Nuevos análisis y relatos de primera mano revelan el costo de la represión contra las comunidades de inmigrantes en el condado de Los Ángeles y más allá.
Por Elizabeth Aguilera y Ben Poston para Capital & Main
Cuando los agentes de inmigración llegaron al lavado de autos de Los Ángeles donde trabajaba, Giovanni no los vio hasta que uno estuvo parado a su lado.

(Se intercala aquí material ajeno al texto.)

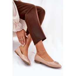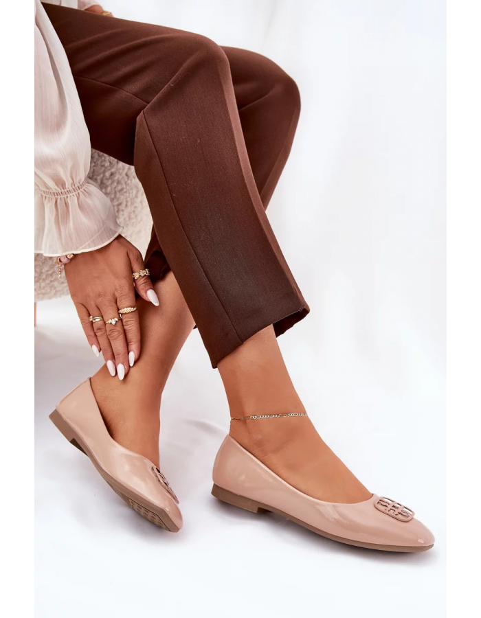 Béžové lakované baleríny Vinceza doporučujeme kombinovat s neutrálními nebo pastelovými outfity, aby dekorativní detail vynikl.
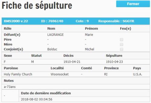 Résumé des naissances, mariages, et décès de Marie Lagrange, Michel Bolduc, Elie Souliere, Majorique Gagne, Adele Belanger et Virginie Chaloux.
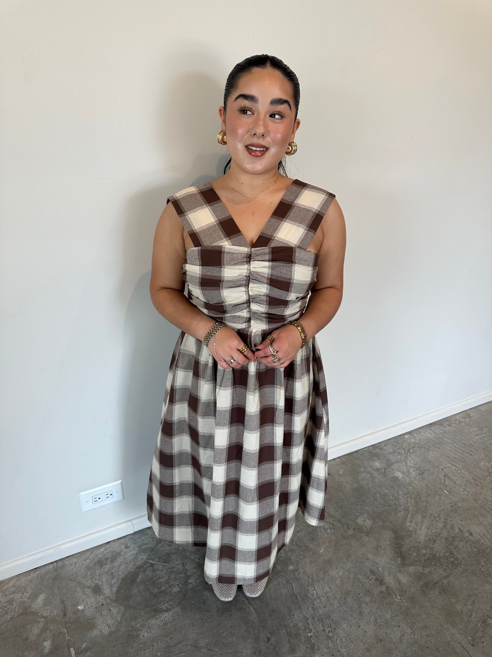 BROWN CHECKERED DRESS
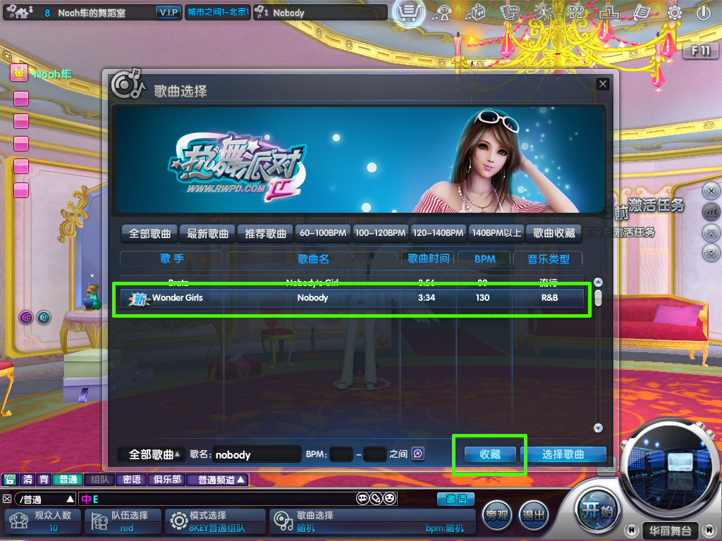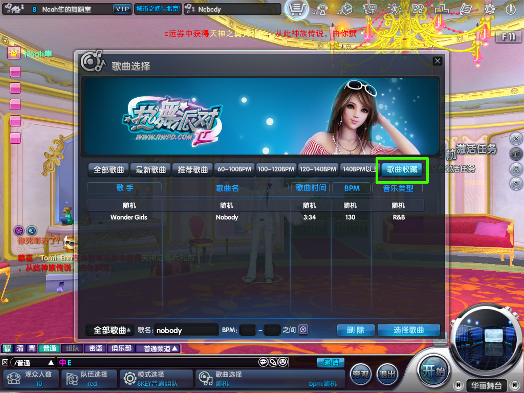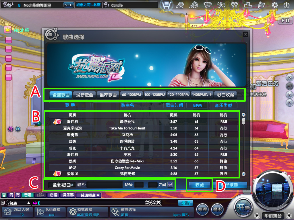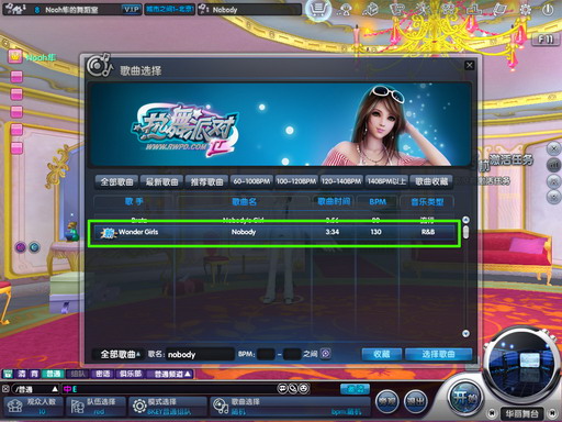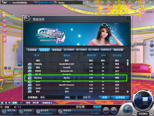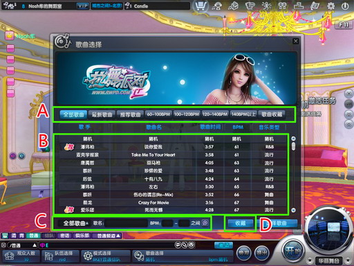 (2) 在弹出的点歌框中浏览并试听歌曲。玩家可根据歌曲速度、最新歌曲和推荐歌曲等分类来进行选择。 在练习频道,玩家只能选择速度120以下的歌曲;新手和高手频道则能欣赏全部歌曲。
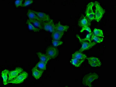 Immunofluorescence staining of A549 cells with CSB-MA004879A0m at 1:90, counter-stained with DAPI. The cells were blocked in 10% normal Goat Serum and then incubated with the primary antibody overnight at 4°C. The secondary antibody was Alexa Fluor 488-congugated AffiniPure Goat Anti-Mouse IgG(H+L).
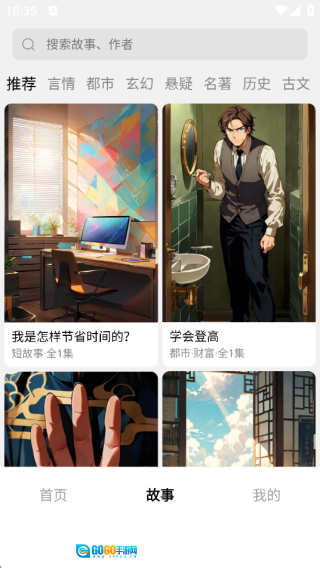 故事类型很丰富,支持文字阅读等。
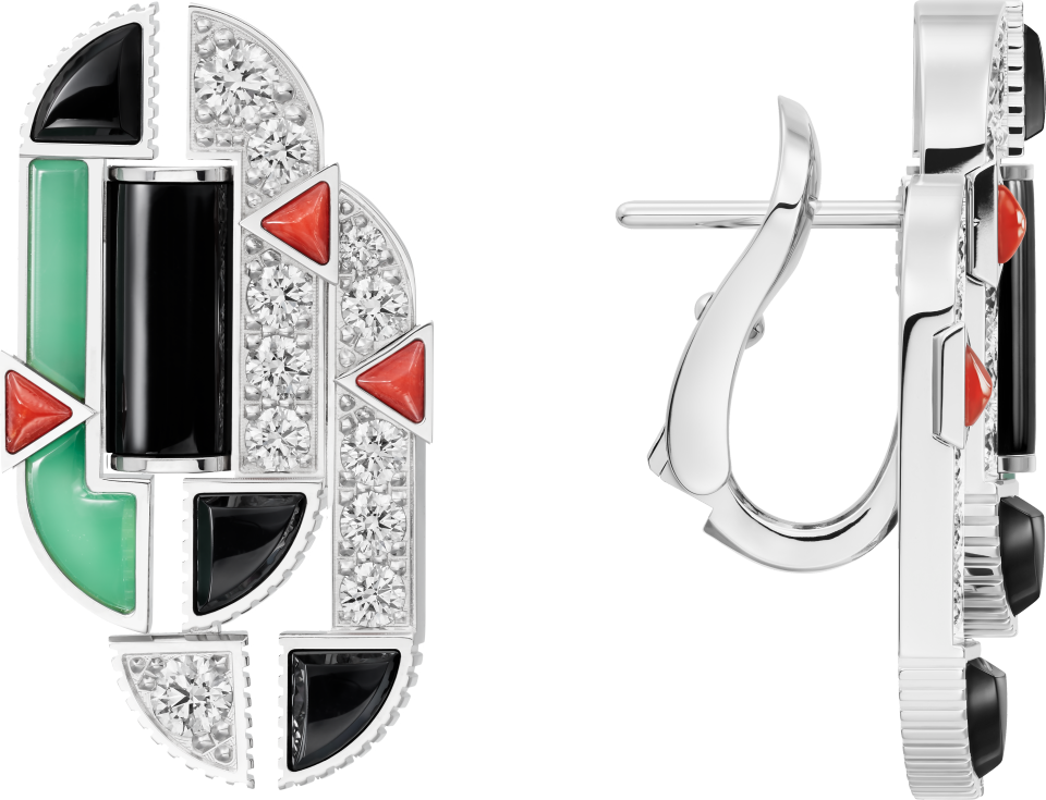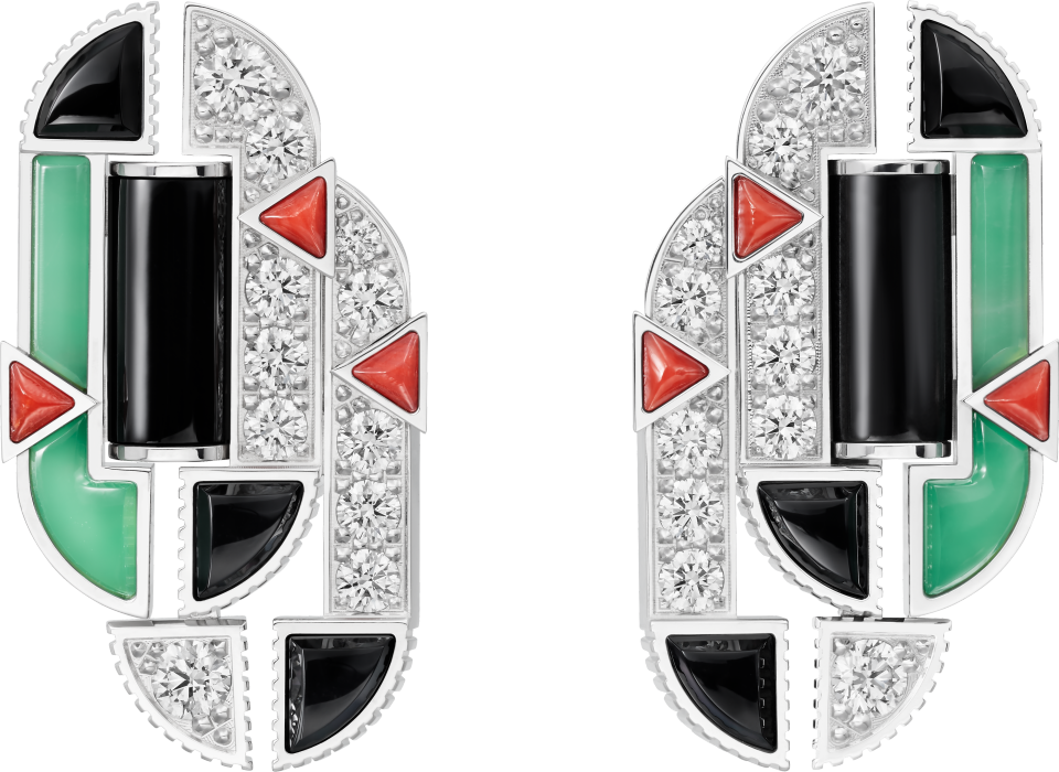 Géometrie & Contrastes耳环,750/1000白金,绿玉髓,缟玛瑙,珊瑚,每只耳环皆镶嵌22颗圆形明亮式切割钻石,总重0.82克拉。
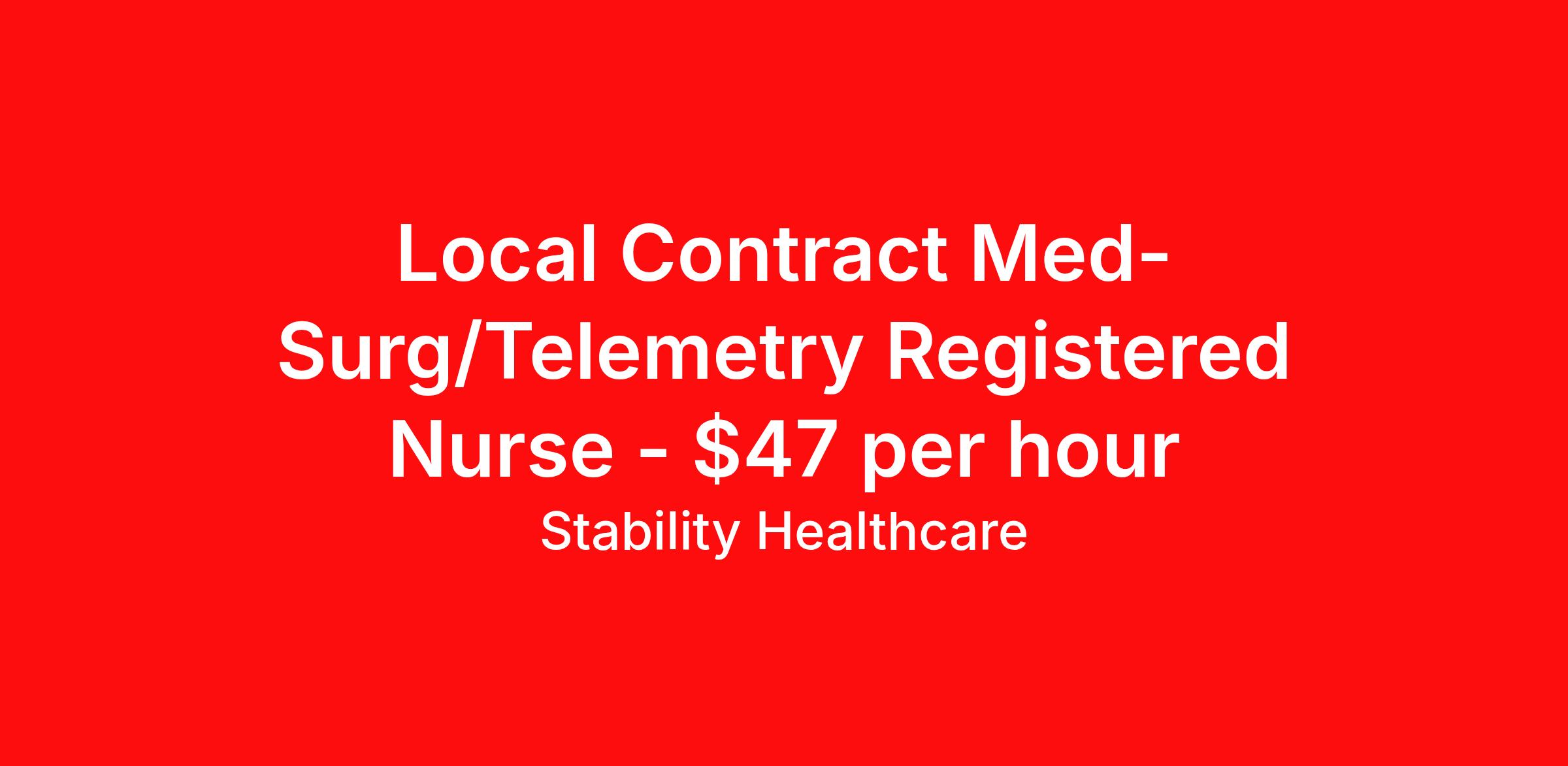 Stability Healthcare is seeking a local contract nurse RN Med Surg / Telemetry for a local contract nursing job in Fort Smith, Arkansas. Job Description & Requirements Specialty: Med Surg / Telemetry Discipline: RN Duration: 13 weeks 36 hours per week Shift: 12 hours, nights Employment Type: Local Contract Stability Healthcare is looking for a Tele Med-Surg RN contract position in Fort Smith, AR. The Medical Surgical Telemetry Registered Nurse (RN) provides direct nursing care in accordance with established policies, procedures and protocols of the healthcare organization often specializing in Neuro, Ortho or Cardiac patients. *$600 travel bonus *Day 1 health insurance with United Healthcare *PTO plan start accruing on day 1, use during contract or cash out at the end! *Guaranteed stipend if facility calls you off *Extra hour bonus earn an additional hourly bonus for working over your weekly contracted hours Stability Job ID L-824406. Pay package is based on 12 hour shifts and 36 hours per week (subject to confirmation) with tax-free stipend amount to be determined. Posted job title: Tele Med-Surg About Stability Healthcare Stability Healthcare was founded in 2009, with the mission of becoming the best Travel Nursing Agency in California. We have been rated one of the top travel nursing agencies and offer our nurses the highest paying travel nursing jobs available. We have access to the best travel assignments from 1000’s of facilities. You can start the year off in sunny California, spend the Spring in the Colorado Rockies, enjoy the Summer in the Mid-West, experience the change of seasons in Boston and New York, and hit the beaches of Florida in the winter. Our Nurses work in the best hospitals and health systems in the country. Benefits Guaranteed Hours Benefits start day 1

Los pensamientos de Giovanni se dirigieron a su familia: ¿Cómo se las arreglarían sin él? ¿Tendría que desarraigar a sus hijos en edad escolar del único hogar que habían conocido?
Giovanni había trabajado durante años en un lavado de autos en el Valle de San Fernando, aspirando interiores y fregando autos. Luego, ese día de octubre, agentes federales de inmigración se lo llevaron junto con otros tres trabajadores.
En 24 horas, sus compatriotas habían sido deportados a México, y Giovanni, ahora de 48 años, se dirigía al Centro de Procesamiento ICE de Adelanto en el condado de San Bernardino, donde permanecería durante seis meses. A diferencia de sus compañeros de trabajo, Giovanni se negó a firmar documentos que hubieran permitido al gobierno federal deportarlo a su natal El Salvador.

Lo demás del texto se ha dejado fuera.